- [Input records]
[Start of section]

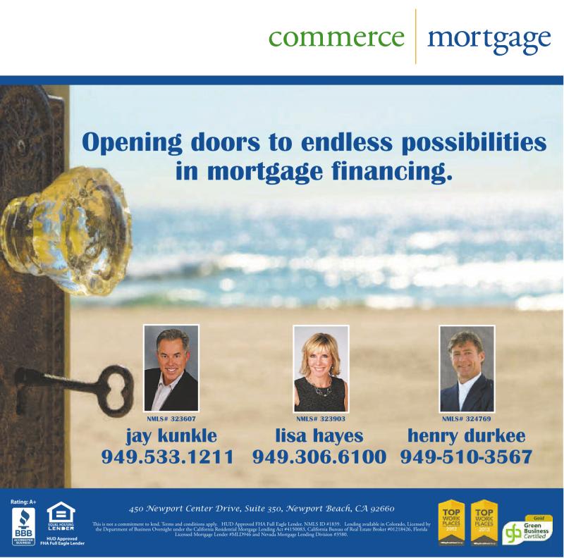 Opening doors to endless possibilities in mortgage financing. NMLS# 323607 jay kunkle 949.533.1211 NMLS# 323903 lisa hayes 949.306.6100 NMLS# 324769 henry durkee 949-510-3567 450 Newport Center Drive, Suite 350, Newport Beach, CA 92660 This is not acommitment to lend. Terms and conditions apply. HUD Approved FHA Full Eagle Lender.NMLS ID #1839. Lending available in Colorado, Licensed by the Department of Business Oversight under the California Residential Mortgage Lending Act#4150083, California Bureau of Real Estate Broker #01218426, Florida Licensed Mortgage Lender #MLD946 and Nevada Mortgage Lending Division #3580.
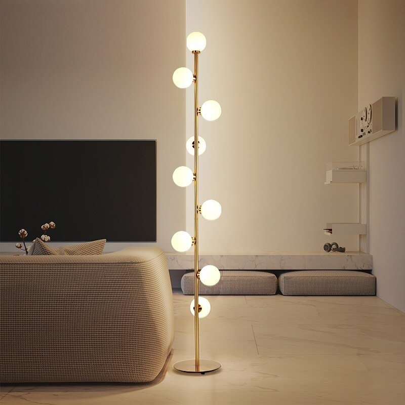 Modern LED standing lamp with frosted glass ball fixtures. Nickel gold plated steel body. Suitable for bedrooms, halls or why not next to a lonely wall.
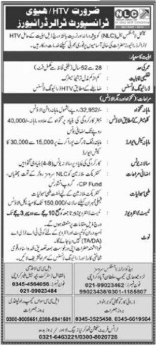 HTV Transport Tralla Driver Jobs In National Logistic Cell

[End of section]
[Start of section]

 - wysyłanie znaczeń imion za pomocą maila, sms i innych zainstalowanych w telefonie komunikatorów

[End of section]

- [Problem to solve]
Everything from the line with "Modern LED standing" down to the line with "HTV Transport Tralla" in the data above should be copied exactly, with both end lines kept and the pictures left out.

- [Your response]
 Modern LED standing lamp with frosted glass ball fixtures. Nickel gold plated steel body. Suitable for bedrooms, halls or why not next to a lonely wall.
 HTV Transport Tralla Driver Jobs In National Logistic Cell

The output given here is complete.